_Work order_
Please output exactly the lines below, starting at the line that has "Anak menyiapkan untuk" and ending at the line that has "Les jeunes de", both included; leave out all pictures and include nothing else.

_Dataset_

((

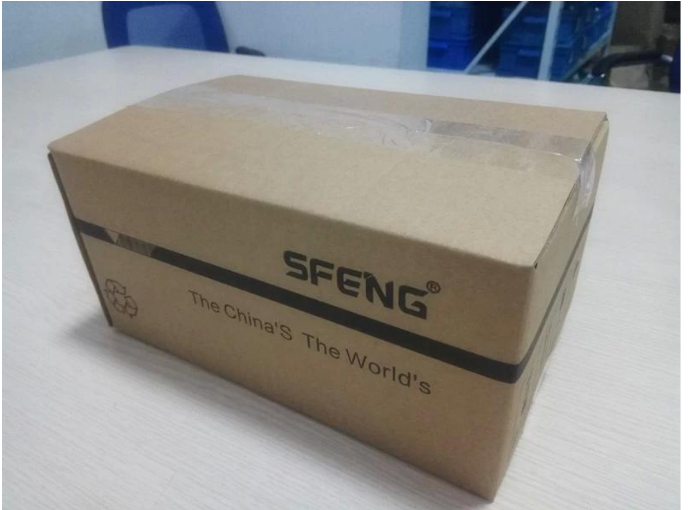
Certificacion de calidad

))
((

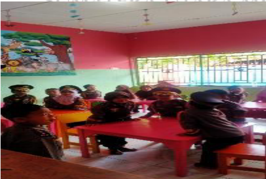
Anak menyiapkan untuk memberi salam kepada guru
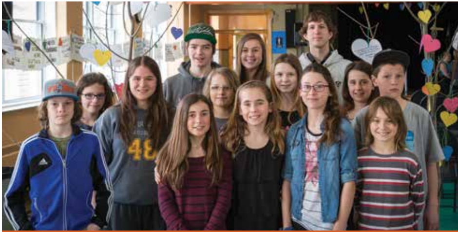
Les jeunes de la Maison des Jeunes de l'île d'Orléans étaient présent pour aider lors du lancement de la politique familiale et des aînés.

))

_Solution below_
Anak menyiapkan untuk memberi salam kepada guru
Les jeunes de la Maison des Jeunes de l'île d'Orléans étaient présent pour aider lors du lancement de la politique familiale et des aînés.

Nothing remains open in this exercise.